The women's 100 metres hurdles at the 2022 World Athletics Championships was held at the Hayward Field in Eugene on 23 and 24 July 2022. It was won by Tobi Amusan. Amusan set a world record of 12.12 seconds in the semi-final. She ran 12.06 to win the final, but that was not a world record because it was wind assisted.

Summary

This was a dramatic event from the first heat to the final.  In heat 1, defending champion Nia Ali was out in front early, with three to automatically qualify, Britany Anderson come up to challenge her over the last few hurdles. Ali clipped the ninth hurdle, started to lose her balance at full speed. She tried valiantly to jump over the final hurdle, but her lead leg never could get high enough, instead hooking the hurdle in the lane next to her, belonging to Anne Zagré.  Ali was down on the track as the entire field ran past her.

After the disqualification, notably of Devon Allen earlier in the week, athletes commented on how they were being extra careful about their starting technique. Olympic Champion Jasmine Camacho-Quinn and world record holder Kendra Harrison had to battle back from slow starts to win their heats. Tobi Amusan took a hundredth off her African Record to be the fastest qualifier.  In heat 4, Alaysha Johnson missed her step to the first hurdle, then pushed the second hurdle over to be disqualified. On the sixth hurdle Liz Clay tripped and rolled into the seventh hurdle. And after a protest, a seventh heat was created by disqualifying Ali for interfering with another athlete's hurdle, to allow Zagré a solo attempt to make a qualifying time.  In that special heat, Zagré fell over the tenth hurdle and failed.

The first semi final saw Amusan make another improvement. With Harrison two lanes to her right, Amusan was out fast and kept pulling away. After crossing the line she looked up at the scoreboard, first happiness at winning the race, then surprise, then joy. Her time was 12.12, a new world record and the wind was legal +0.9.  This distance was first introduced to major championship level in the 1972 Olympics. During the 1970's, when drug testing was less sophisticated and automatic timing was not required (until 1977), Grażyna Rabsztyn and other primarily Soviet bloc athletes took the world record from the first auto timed 12.48 down to 12.36 by 1980.  Between 1986 and 1988,, two Bulgarian athletes Ginka Zagorcheva and Yordanka Donkova inched the record down from 12.29 to Donkova's 12.21 which remained unchanged for almost 28 years until Harrison took 1/100th off. That too stood for another 6 years. In one day, Amusan improved the world record by 8 times the progress of 36 years and her personal best by almost a third of a second. 
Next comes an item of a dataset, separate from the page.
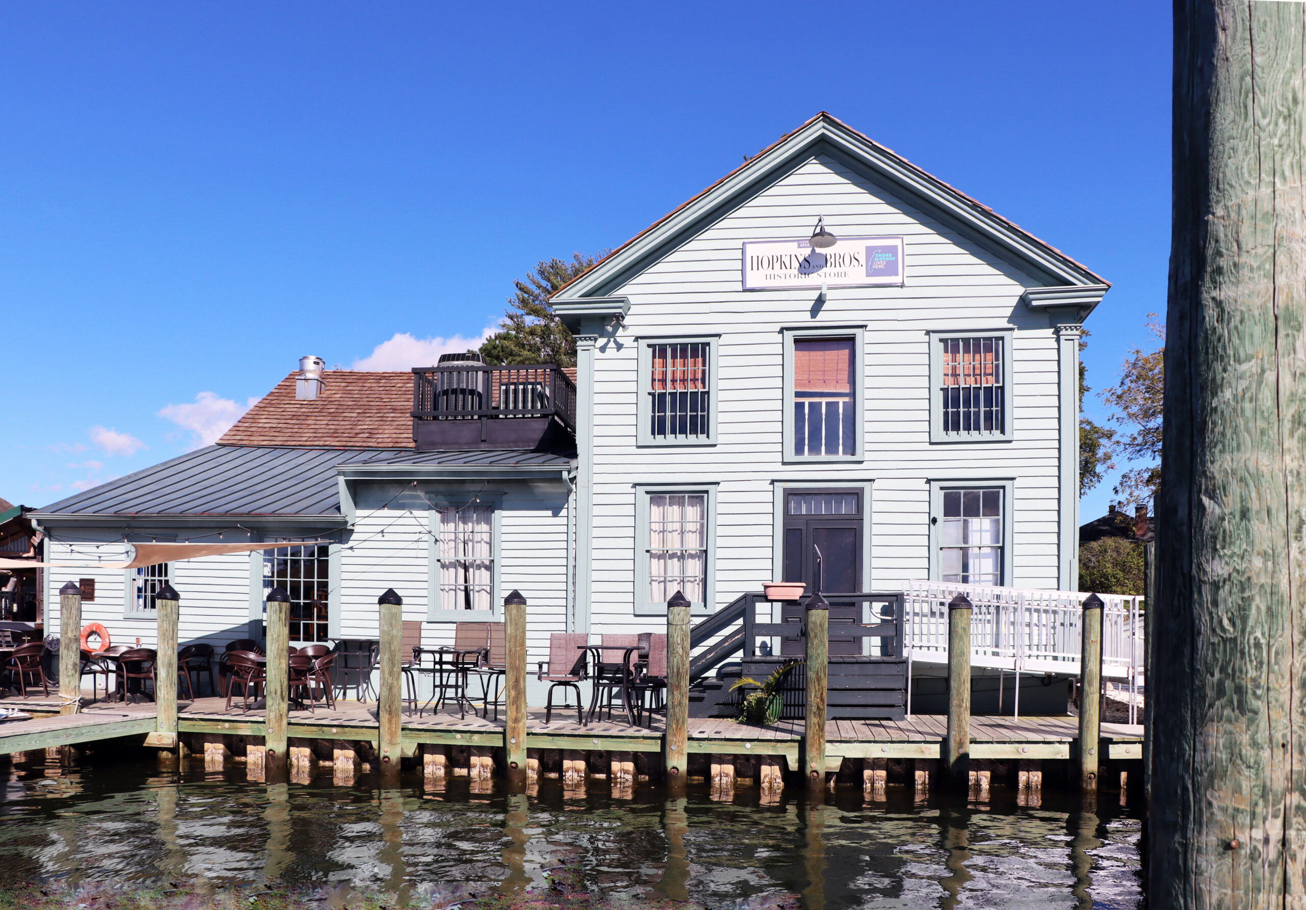 The bracketed and weatherboarded Victorian Hopkins and Brother Store building on the waterfront of the Accomack County town of Onancock housed a business founded in 1842 by Capt. Stephen Hopkins. Selling general goods, the business remained in the hands of the Hopkins family until 1965. Although the building has been moved a short distance, it retains the relation to the waterfront it enjoyed when the store was a commercial and maritime trading center for the town as well as the Eastern Shore’s bayside. The interior has most of its 19th-century fittings and illustrates the maritime mercantilism of a small Chesapeake region town. Detailed records of the establishment are preserved at the Virginia Museum of History and Culture. The Hopkins and Brother Store, which contributes to the Onancock Historic District, was deeded by the Hopkins family to the Association for the Preservation of Virginia Antiquities (now Preservation Virginia), and it was repurposed for use as a restaurant.

And the semi-finals were not over. Anderson ran 12.31 for a new national record and the #9 individual in history. Three others also set their national records and the entire top 16 set seasons bests, most of them personal bests. And the final was less than 2 hours later.
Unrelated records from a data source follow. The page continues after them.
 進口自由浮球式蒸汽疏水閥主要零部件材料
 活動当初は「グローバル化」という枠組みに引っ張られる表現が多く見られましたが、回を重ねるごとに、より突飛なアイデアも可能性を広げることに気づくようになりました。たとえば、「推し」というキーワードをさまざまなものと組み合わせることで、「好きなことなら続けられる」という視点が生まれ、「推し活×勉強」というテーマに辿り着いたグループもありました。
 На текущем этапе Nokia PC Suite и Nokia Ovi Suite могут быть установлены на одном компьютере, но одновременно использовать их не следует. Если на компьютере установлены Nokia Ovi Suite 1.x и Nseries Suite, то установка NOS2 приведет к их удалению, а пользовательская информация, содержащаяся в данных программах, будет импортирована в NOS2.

Amusan got out well in the final, but Anderson was next to her running the exact same cadence, with Alia Armstrong and Harrison inches behind. By the fourth hurdle, Amusan began to edge ahead while Harrison was going the other direction. Danielle Williams was gaining on Anderson. Within two hurdles, Amusan had daylight in front, Anderson, Armstrong, Williams and now Camacho-Quinn were dead even. Harrison hit the seventh hurdle, pushing over the eighth to be disqualified, Anderson and Camacho-Quinn separated from the lineup and Amusan was a metre and a half clear. They closed in on the line, Amusan raised her hands in victory after crossing the line, Anderson and Camacho-Quinn in a photo finish. Look at the time, 12.06 but no, the wind reading was +2.5 MPS, over the allowable so there would be no new world record. It was just the fastest time ever run. From the photo, Anderson was given silver by .005.

Records
Before the competition records were as follows:

Qualification standard
The standard to qualify automatically for entry was 12.84.

Schedule
The event schedule, in local time (UTC−7), was as follows:

Results

Heats 
The first 3 athletes in each heat (Q) and the next 6 fastest (q) qualify to the semi-finals..

Wind:Heat 1: -0.3 m/s, Heat 2: -0.4 m/s, Heat 3: +1.5 m/s, Heat 4: +0.7 m/s, Heat 5: +0.5 m/s, Heat 6: -0.4 m/s, Heat 7: -0.1 m/s

Semi-finals 
The first 2 athletes in each heat (Q) and the next 2 fastest (q) qualified to the final.

Wind:Heat 1: +0.9 m/s, Heat 2: -0.1 m/s, Heat 3: +0.3 m/s

Final 
The final was started on 24 July at 19:01. The wind speed of +2.5 m/s was outside of the allowable range for the world record.